Cellist, masters student at the University of North Texas College of Music
I returned to the University of North Texas (UNT) last autumn, having completed my undergraduate studies there in 2008. I ended up at UNT almost by accident: I had planned to study elsewhere, but the teacher I had wanted to learn with passed away. My high-school cello teacher recommended that I go to UNT instead and so the university arranged a late audition for me.
Within a couple of weeks I knew this was the right place for me. My first lesson with Eugene Osadchy was amazing – I still study with him now – and the course was very easy to tailor to help me become the kind of musician that I wanted to be. There were classes in history, pedagogy, acoustics, electroacoustic music and more. A lot of these were based outside the music school – the acoustics course is run by the physics department, for example. The music history classes were particularly valuable for me because they gave me the tools I needed to understand music in its historical context. This was also helpful because I did a lot of Baroque cello and viola da gamba playing during my bachelors course, and now I do freelance work on both modern and period instruments.
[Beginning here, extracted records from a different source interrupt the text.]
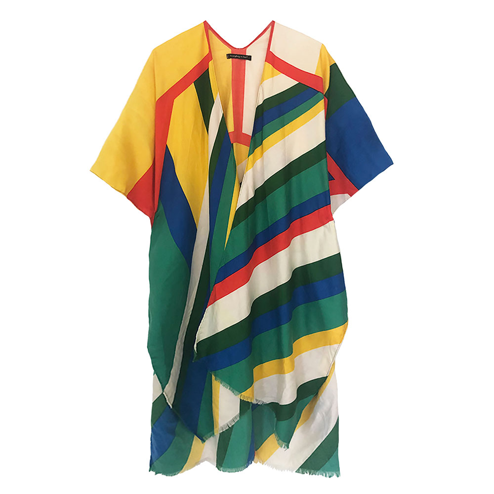 Details • Size : 35.4" X 35.4" • Material : 100% Polyester • Lightweight kimono wrap with bold abstract stripe design. Features open front and relaxed fit for effortless layering. A versatile statement piece that adds energy and flow to casual or elevated looks.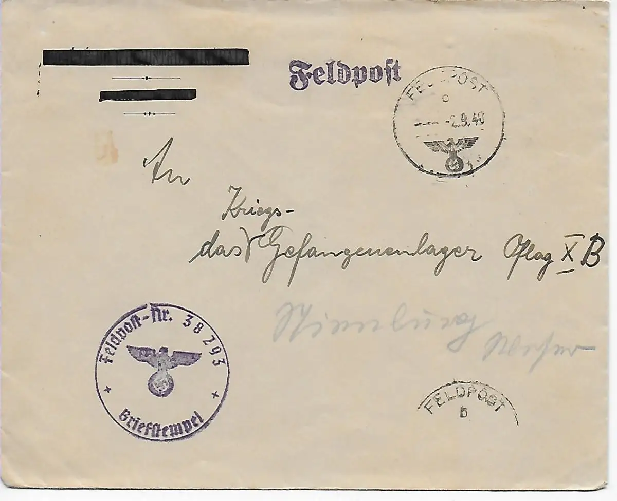 Feldpost Nr. 38293, 1940 an Kriegsgefangenlager Oflag XB, Nienburg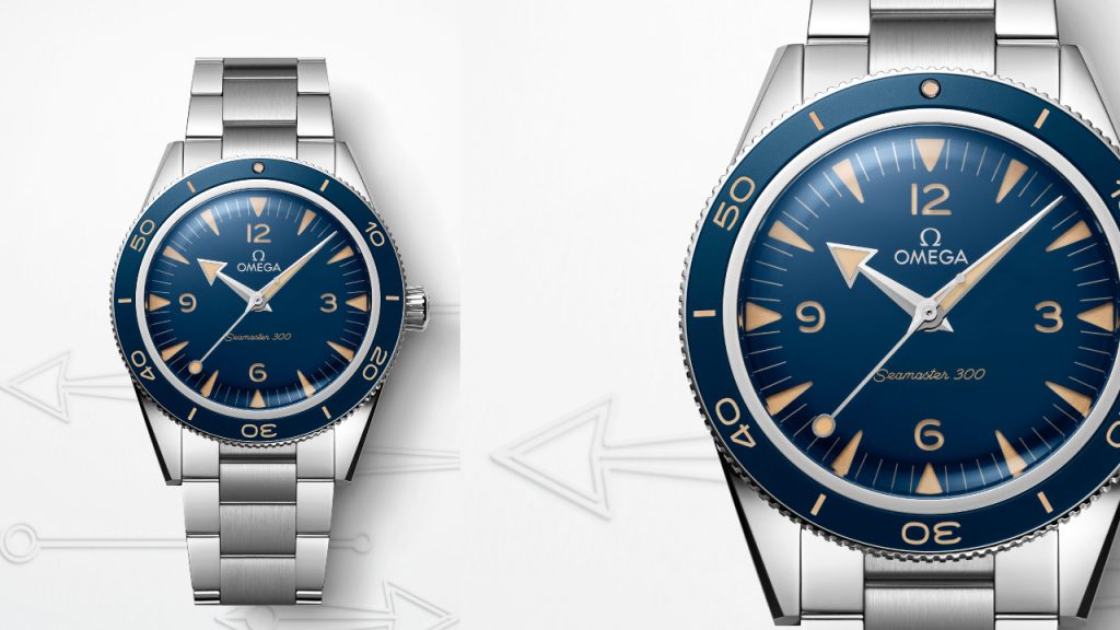 Unlike previous iterations, however, are the new sandwich dials which include a base layer of Super-LumiNova (albeit of the vintage variety) and a second plate over the top with hollowed recesses for the hour markers and numerals. The new 41 mm pieces are also slimmer than more recent editions at 14.4 mm tall. Using domed sapphire crystal glass—a popular construction of the past that was used as the solution to withstand water pressure at profound depths—made this possible. Despite a slim profile, the dial opening has been enlarged to 30.4 mm from 29.5 mm by decreasing the width of the case body and the bezel ring so that the new lineup of Seamaster 300s look larger on the wrist than the previous generation, despite the fact that the 41 mm diameter remains the same.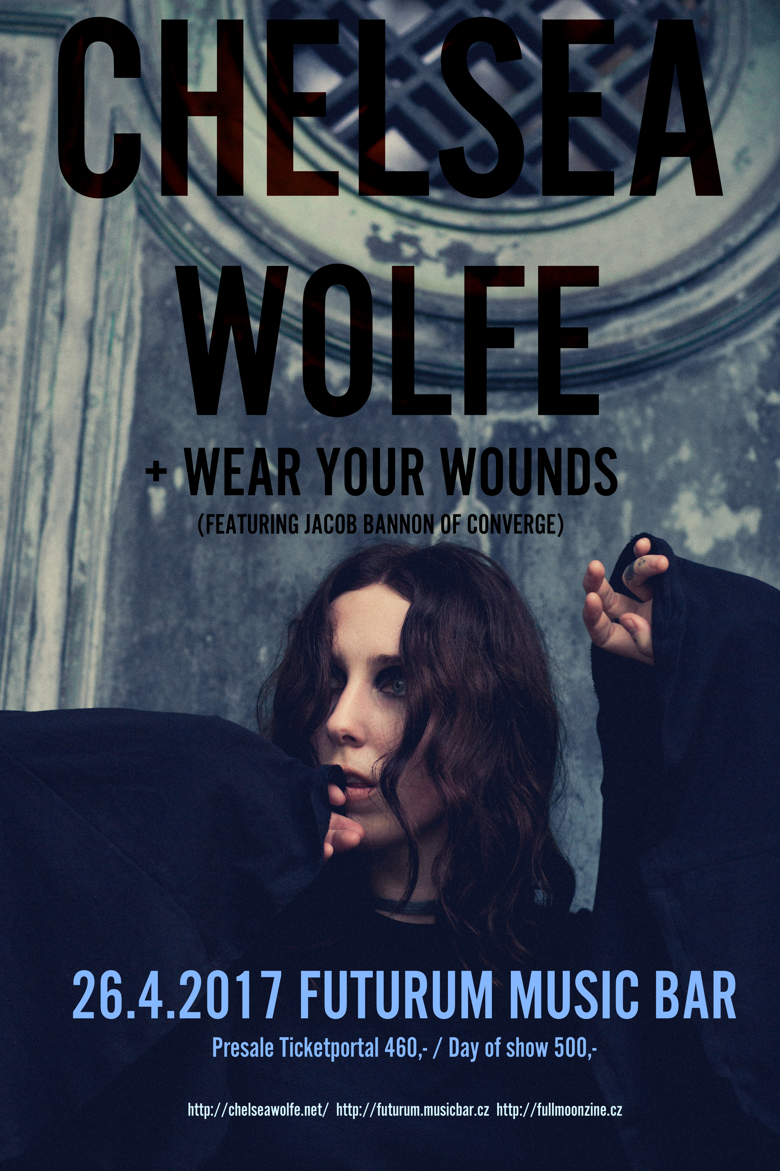 http://chelseawolfe.net/ facebook.com/cchelseawwolfe facebook.com/wearyourwounds/ http://futurum.musicbar.cz/ http://www.ticketportal.cz/ http://www.odysseybooking.com/ http://www.fullmoonmagazine.cz/

The Dallas and Fort Worth areas of Texas have an unusually large number of ensembles: there are the Plano, Irving and Richardson symphony orchestras as well as chamber, early music and new music groups. It’s a great area to be a freelance player, and it gives UNT students and alumni lots of opportunities to play in a professional orchestral setting. If I could give one piece of advice to new students here, it would be to become a part of everything you can: go to concerts, study early music and jazz, take lessons from different faculty members, and really get involved with all the different aspects of the local music scene.